START Data block

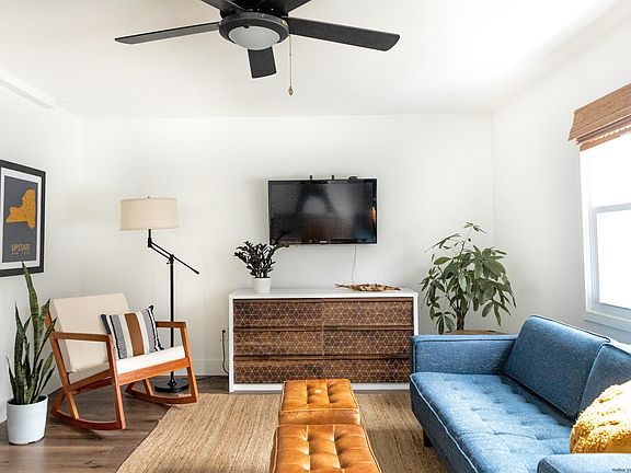 Located in the heart of historic Kingston, The Uptowner is a stylishly renovated two-family home offering an outstanding opportunity for investors––or owner-occupants looking to offset their mortgage. The property features two separate units, each with its own entrance and all utilities separated, including water & sewer. On the lower level is a roomy one bedroom unit, accessed from the rear of the house, while upstairs is a two bedroom unit, entered from the front door and up an interior stairwell. With a new roof in 2018, and gut-renovation in 2020, the building features all new interiors, new mechanicals, laundry and dishwashers in both units, and fresh kitchens and bathrooms. The building also features covered off-street parking, and a grassy fenced yard backing up to woods. Residing in the flexible T4 Neighborhood zoning code, this property allows for full-time/non-owner-occupied short-term rental, subject to Sec 405.21.D of Kingston's zoning code. The first floor is currently used as a high-performing, and fully-licensed, short-term rental. All furnishings in this unit are available for purchase, making it a turnkey opportunity for a new owner. The upper unit is long-term tenant occupied, with tenant vacating April 30. Based on income from the building's current use as a mix of both long-term and short-term rentals, the property is priced at a very healthy 9.7% CAP Rate. Could also easily be converted back to a single-family home, as well. Whatever you choose, you can't lose!! Don't miss this low-maintenance and cash-flowing opportunity in prime Uptown Kingston––convenient to shopping, dining, parks, public transit, and bus service to/from NYC.
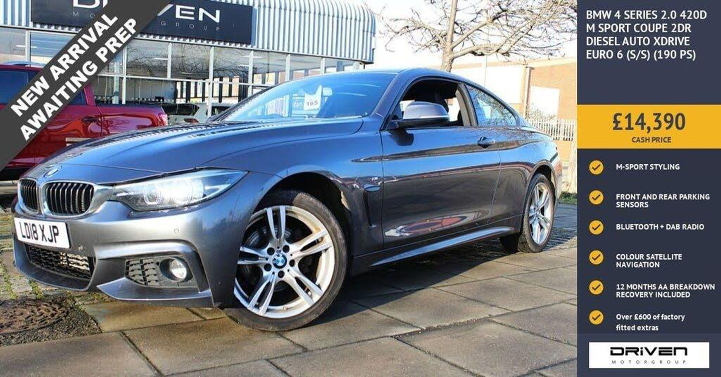 BMW 4 SERIES 2.0 420D M SPORT COUPE 2DR DIESEL AUTO XDRIVE FINISHED IN MINERAL GREY AND COMPLIMENTED WITH DAKOTA BLACK LEATHER INTERIOR, THIS VEHICLE HAS BEEN VERY WELL CARED FOR AND MAINTAINED WITH DOCUMENTED SERVICE HISTORY CARRIED OUT AT 23671, 41596, 58418, 64273 MILES PLUS COMPREHENSIVE PRE DELIVERY HEALTH CHECK AND SERVICE COMPLETED PRIOR TO SALE AT 76483 MILES. KEY FEATURES INCLUDE ALLOY WHEELS, DUALZONE CLIMATE CONTROL, ALARM, AMBIENT LIGHTING, BLUETOOTH, CD PLAYER, BMW TELESERVICES, CRUISE CONTROL WITH BRAKE FUNCTION, DAB RADIO, LED HEADLIGHTS, M-SPORT STYLING, BMW PROFESSIONAL SERVICES, AUTOMATIC HEALDIGHTS, FRONT SPORT SEATS, HEATED WASHER JETS, FRONT AND REAR PARKING SENSORS, MULTIMEDIA SYSTEM PLUS MUCH MORE. COMMITTED TO AA CARS STANDARDS: 3 MONTHS OR 3000 MILES WARRANTY INCLUDED WITH AN OPTION TO UPGRADE: 12 MONTHS AA BREAKDOWN RECOVERY INCLUDED: £75.00 CONTRIBUTION TOWARDS YOUR NEXT SERVICE/MOT AT ANY AA CARS STANDARD APPROVED WORKSHOP: WE STAND BY THE QUALITY OF OUR VEHICLES. WITH THE PURCHASE OF THIS VEHICLE, YOU WILL RECEIVE 3 MONTHS OR 3000 WARRANTY, 12 MONTHS AA BREAKDOWN RECOVERY, GIVING YOU ADDITIONAL PEACE OF MIND AND PROTECTION. ALL OUR CARS COME WITH AT LEAST 6 MONTHS MOT AND PRE SALE HEALTH CHECK AND ROAD TEST. OUR PROFESSIONAL TEAM ENSURES YOUR VEHICLE STAYS IN TOP CONDITION, AND YOU ENJOY A HASSLE-FREE OWNERSHIP EXPERIENCE. 4.8 STARS ON GOOGLE WITH OVER 550 REVIEWS: JOIN OUR COMMUNITY OF SATISFIED CUSTOMERS! OUR DEALERSHIP IS PROUD TO HAVE A 4.8 STAR RATING ON GOOGLE, BACKED BY OVER 550 POSITIVE REVIEWS. WE ARE COMMITTED TO PROVIDING EXCELLENT SERVICE AND HIGH-QUALITY VEHICLES. This Vehicle Comes Equipped with High Specification, Which Includes: - Drive this car home with complete confidence and satisfaction: All cars proudly offered by driven group are rigorously inspected, hpi checked and prepared to the highest standard To drive this car home, visit www.drivegroup.co.uk or call 01642-601999 to arrange an appointment with our sales team Please note we do not operate an organised distance selling scheme as defined by the consumer contracts (cancellation, information and additional charges) regulations 2013. Therefore, even if you choose to not view your vehicle at our premises prior to purchase,you will not be entitled to cancel your order under any 14 day cancellation period. All other statutory rights remain unaffected. Whilst every effort has been made to ensure the accuracy of the information contained in this website, please check with us about any item which may affect your decision to purchase. Driven motor group shall not be liable for any errors, inaccuracies or delays in content.
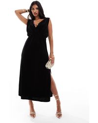 Weiter zu ASOSKleider von Jarlo Das Teil, das zu allem passt Hochgeschlossen drapiertes Faltendesign Flügelärmel eng anliegende Taille unten ausgestellt Reißverschluss hinten Seitlicher Schlitz. Farbe: schwarz
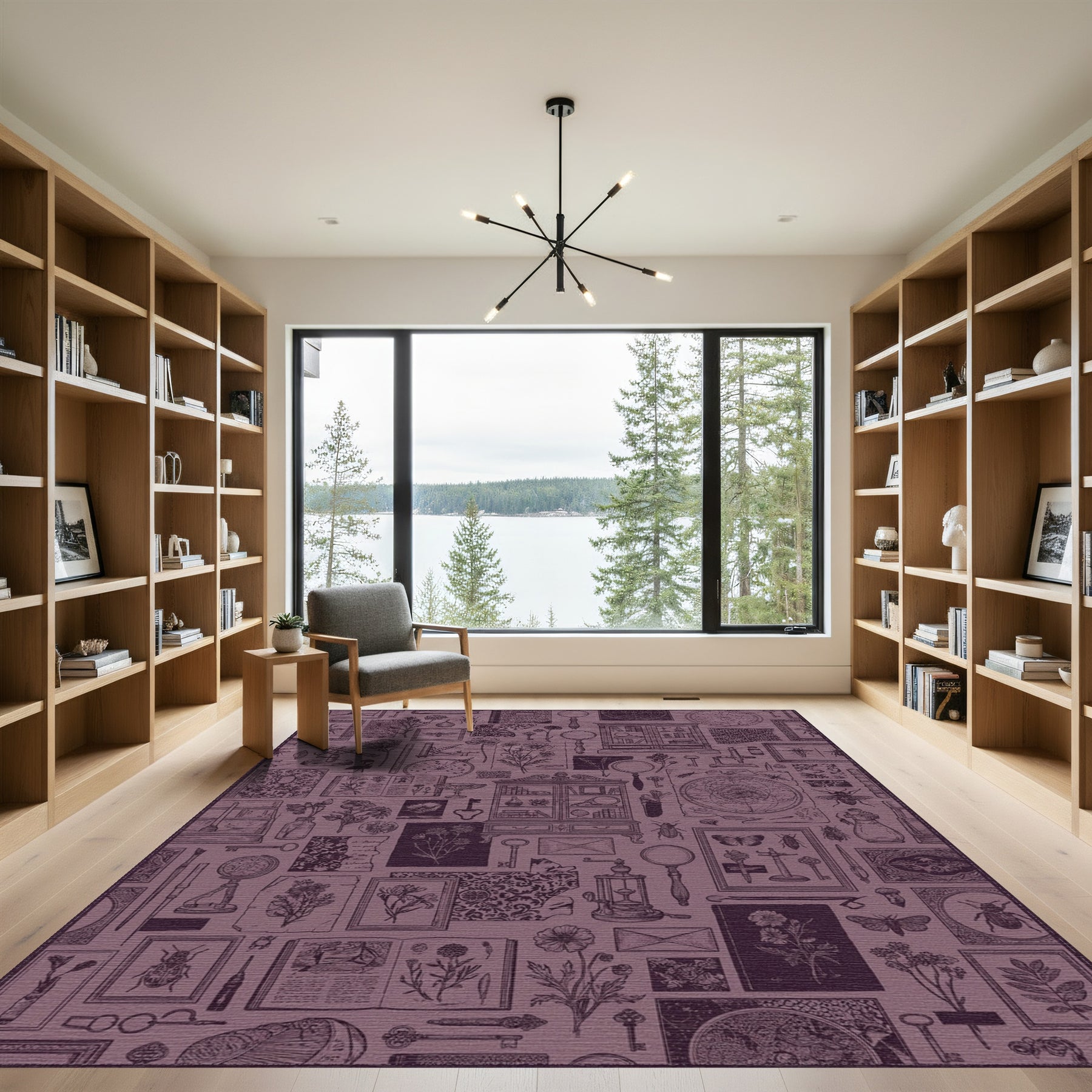 Flatwoven High Traffic Area Rug, Vintage Ink Scientific Illustration Collage Rug, Non Slip, Stain Resistant, Washable Area Rugs for Living Room, Bedroom Overview:

END Data block

**Task details**
Word for word, retype the material above without its pictures.

**Completed task**
 Located in the heart of historic Kingston, The Uptowner is a stylishly renovated two-family home offering an outstanding opportunity for investors––or owner-occupants looking to offset their mortgage. The property features two separate units, each with its own entrance and all utilities separated, including water & sewer. On the lower level is a roomy one bedroom unit, accessed from the rear of the house, while upstairs is a two bedroom unit, entered from the front door and up an interior stairwell. With a new roof in 2018, and gut-renovation in 2020, the building features all new interiors, new mechanicals, laundry and dishwashers in both units, and fresh kitchens and bathrooms. The building also features covered off-street parking, and a grassy fenced yard backing up to woods. Residing in the flexible T4 Neighborhood zoning code, this property allows for full-time/non-owner-occupied short-term rental, subject to Sec 405.21.D of Kingston's zoning code. The first floor is currently used as a high-performing, and fully-licensed, short-term rental. All furnishings in this unit are available for purchase, making it a turnkey opportunity for a new owner. The upper unit is long-term tenant occupied, with tenant vacating April 30. Based on income from the building's current use as a mix of both long-term and short-term rentals, the property is priced at a very healthy 9.7% CAP Rate. Could also easily be converted back to a single-family home, as well. Whatever you choose, you can't lose!! Don't miss this low-maintenance and cash-flowing opportunity in prime Uptown Kingston––convenient to shopping, dining, parks, public transit, and bus service to/from NYC.
 BMW 4 SERIES 2.0 420D M SPORT COUPE 2DR DIESEL AUTO XDRIVE FINISHED IN MINERAL GREY AND COMPLIMENTED WITH DAKOTA BLACK LEATHER INTERIOR, THIS VEHICLE HAS BEEN VERY WELL CARED FOR AND MAINTAINED WITH DOCUMENTED SERVICE HISTORY CARRIED OUT AT 23671, 41596, 58418, 64273 MILES PLUS COMPREHENSIVE PRE DELIVERY HEALTH CHECK AND SERVICE COMPLETED PRIOR TO SALE AT 76483 MILES. KEY FEATURES INCLUDE ALLOY WHEELS, DUALZONE CLIMATE CONTROL, ALARM, AMBIENT LIGHTING, BLUETOOTH, CD PLAYER, BMW TELESERVICES, CRUISE CONTROL WITH BRAKE FUNCTION, DAB RADIO, LED HEADLIGHTS, M-SPORT STYLING, BMW PROFESSIONAL SERVICES, AUTOMATIC HEALDIGHTS, FRONT SPORT SEATS, HEATED WASHER JETS, FRONT AND REAR PARKING SENSORS, MULTIMEDIA SYSTEM PLUS MUCH MORE. COMMITTED TO AA CARS STANDARDS: 3 MONTHS OR 3000 MILES WARRANTY INCLUDED WITH AN OPTION TO UPGRADE: 12 MONTHS AA BREAKDOWN RECOVERY INCLUDED: £75.00 CONTRIBUTION TOWARDS YOUR NEXT SERVICE/MOT AT ANY AA CARS STANDARD APPROVED WORKSHOP: WE STAND BY THE QUALITY OF OUR VEHICLES. WITH THE PURCHASE OF THIS VEHICLE, YOU WILL RECEIVE 3 MONTHS OR 3000 WARRANTY, 12 MONTHS AA BREAKDOWN RECOVERY, GIVING YOU ADDITIONAL PEACE OF MIND AND PROTECTION. ALL OUR CARS COME WITH AT LEAST 6 MONTHS MOT AND PRE SALE HEALTH CHECK AND ROAD TEST. OUR PROFESSIONAL TEAM ENSURES YOUR VEHICLE STAYS IN TOP CONDITION, AND YOU ENJOY A HASSLE-FREE OWNERSHIP EXPERIENCE. 4.8 STARS ON GOOGLE WITH OVER 550 REVIEWS: JOIN OUR COMMUNITY OF SATISFIED CUSTOMERS! OUR DEALERSHIP IS PROUD TO HAVE A 4.8 STAR RATING ON GOOGLE, BACKED BY OVER 550 POSITIVE REVIEWS. WE ARE COMMITTED TO PROVIDING EXCELLENT SERVICE AND HIGH-QUALITY VEHICLES. This Vehicle Comes Equipped with High Specification, Which Includes: - Drive this car home with complete confidence and satisfaction: All cars proudly offered by driven group are rigorously inspected, hpi checked and prepared to the highest standard To drive this car home, visit www.drivegroup.co.uk or call 01642-601999 to arrange an appointment with our sales team Please note we do not operate an organised distance selling scheme as defined by the consumer contracts (cancellation, information and additional charges) regulations 2013. Therefore, even if you choose to not view your vehicle at our premises prior to purchase,you will not be entitled to cancel your order under any 14 day cancellation period. All other statutory rights remain unaffected. Whilst every effort has been made to ensure the accuracy of the information contained in this website, please check with us about any item which may affect your decision to purchase. Driven motor group shall not be liable for any errors, inaccuracies or delays in content.
 Weiter zu ASOSKleider von Jarlo Das Teil, das zu allem passt Hochgeschlossen drapiertes Faltendesign Flügelärmel eng anliegende Taille unten ausgestellt Reißverschluss hinten Seitlicher Schlitz. Farbe: schwarz
 Flatwoven High Traffic Area Rug, Vintage Ink Scientific Illustration Collage Rug, Non Slip, Stain Resistant, Washable Area Rugs for Living Room, Bedroom Overview:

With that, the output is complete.